A moral philanthropist: generous justification for the status quo 

In order to understand the proliferation and perseverance of charitable giving as a means of addressing undesirable social circumstances, I aim excavate select intellectual and philosophical grounds for charitable giving where it serves to motivate and justify philanthropic actors. To evaluate philanthropy in the contemporary context, I ask how certain political and economic arrangements—those in which substantial wealth inequality exists and persists—structures an appreciation for charitable giving, or philanthropy more broadly, as a normative good. In considering two strands of normative ethics, consequentialism on the one hand and Aristotelian virtue ethics on the other, I ask how charitable giving—philanthropy—is evaluated as a means of ameliorating the suffering of the most vulnerable. More specifically, how ‘effective altruism’ as a social movement adjacent to consequentialist utilitarianism is inhabited by elements of Aristotelian virtue.

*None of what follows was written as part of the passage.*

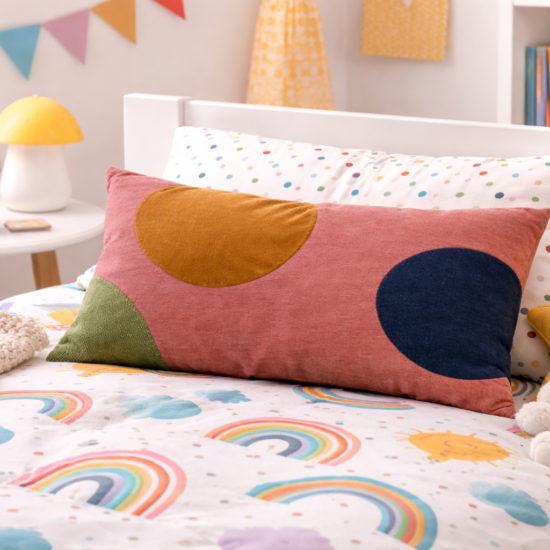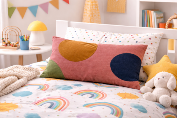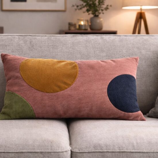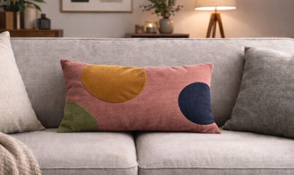 Stylowa poduszka dekoracyjna o nowoczesnym, abstrakcyjnym wzorze, wypełniona sprężystą włókniną tapicerską. Tło w odcieniu przygaszonego różu uzupełniają kontrastujące akcenty: musztardowy, granatowy oraz oliwkowa zieleń. Kolory są ciepłe i harmonijne, łatwe do zestawienia z jasnymi i neutralnymi meblami.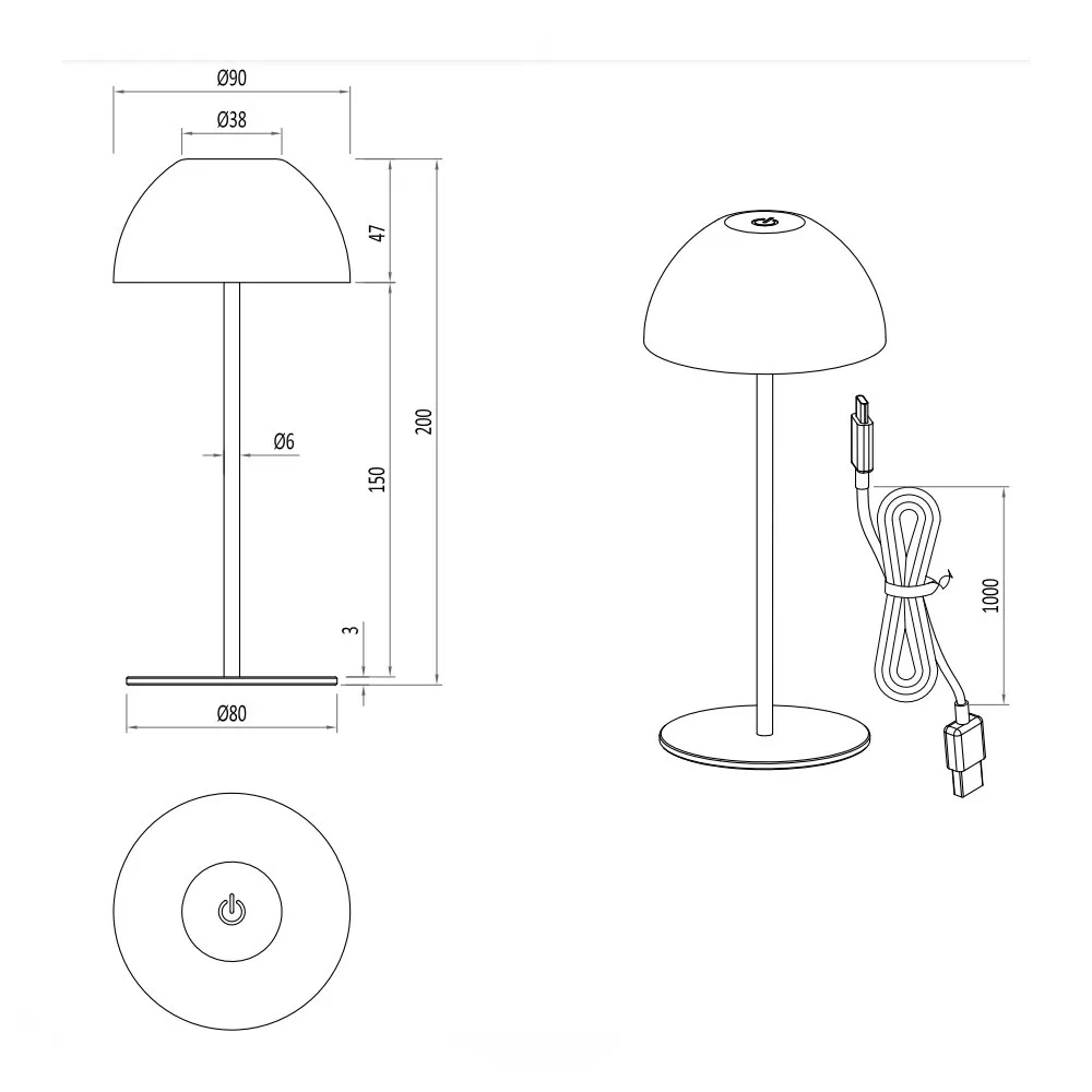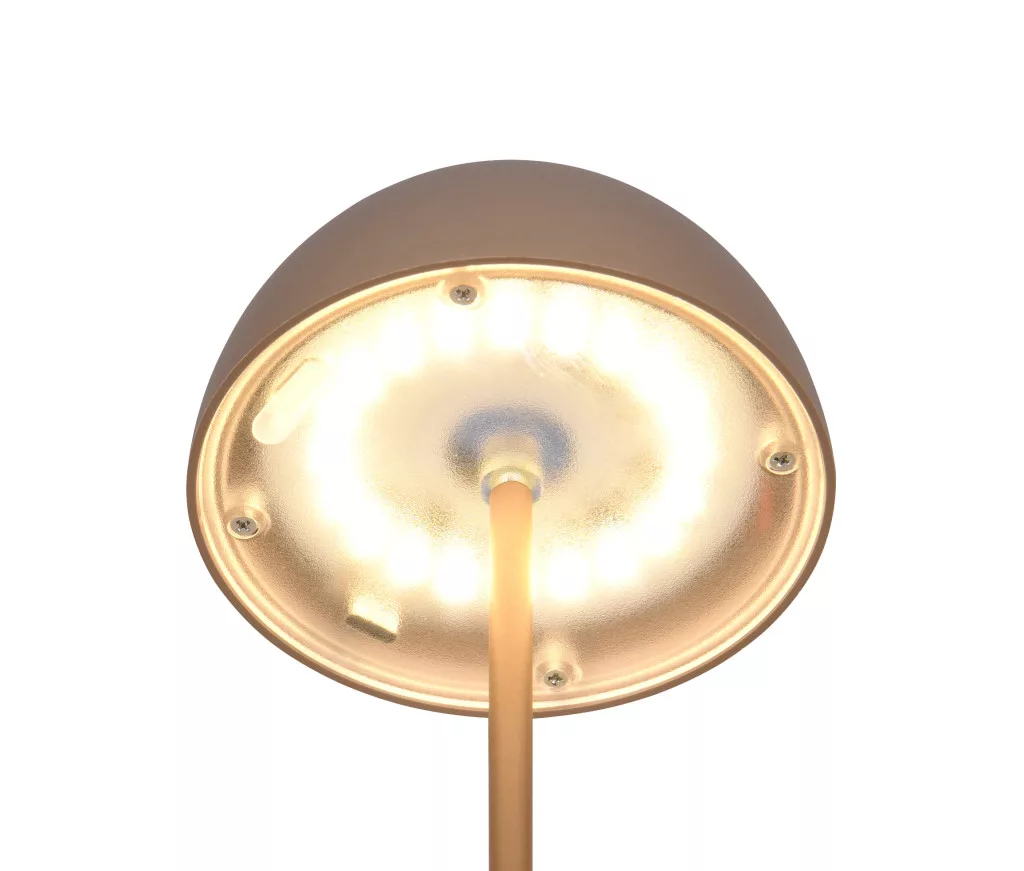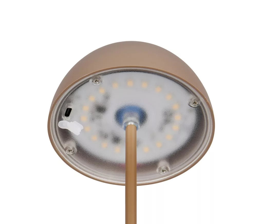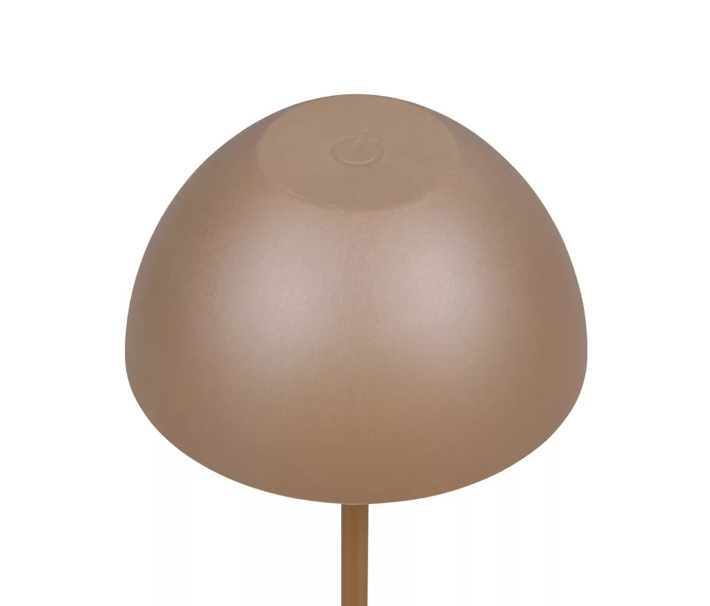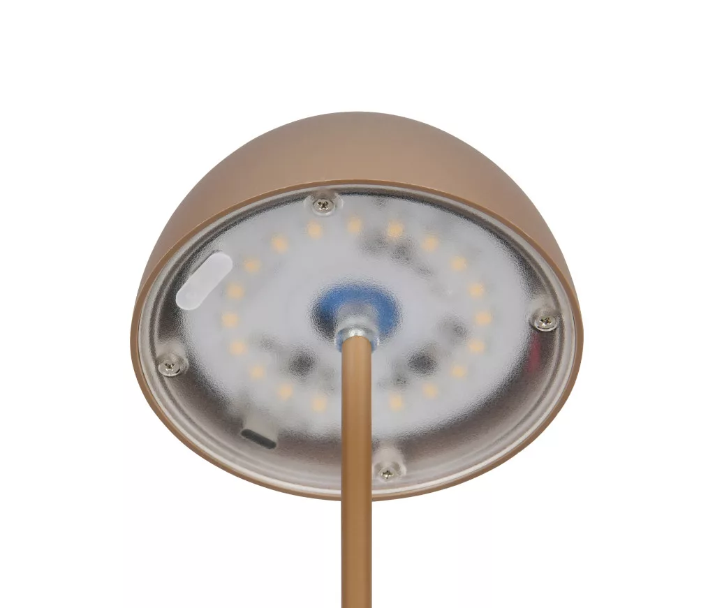 Kávé színű műanyag akkumulátoros asztali lámpa műanyag betéts búrával, felfelé és lefelé egyaránt világító meleg fehér színhőmérsékletű beépített LED fényforrással. A LED fényereje 3 lépcsőben érintéssel állítható. A lámpafejen lévő USB kimeneten keresztül tölthető. Töltési idő kb. 2 óra, amivel a lámpa akár 3 órán keresztül üzemel. A lámpa IP44-es védelemmel rendelkezik, így kültéren és beltéren egyaránt használható.

I demonstrate the limitations of atomistic Aristotelian virtue and consequentialist logic where it guides and justifies contemporary philanthropic action, and the ways accepting certain political and economic arrangements as a present reality undermines the ostensible goals of such projects.


Reformers in Crisis: identifying and evaluating opportunistic education reformers during moments of emergency, with Laura Ogburn

When COVID-19 emerged as a global health crisis, many states and districts issued emergency mandates or recommendations to close school buildings and facilities for the remainder of the school year, with rapidly developed accommodations for delivering educational content to students. For many districts, closures precipitated a massive temporary shift to online formats and an interruption of typical schooling operations. This interruption has been repeatedly framed by education reformers not just as a crisis or emergency, but also as an opportunity to make more lasting changes to the education system.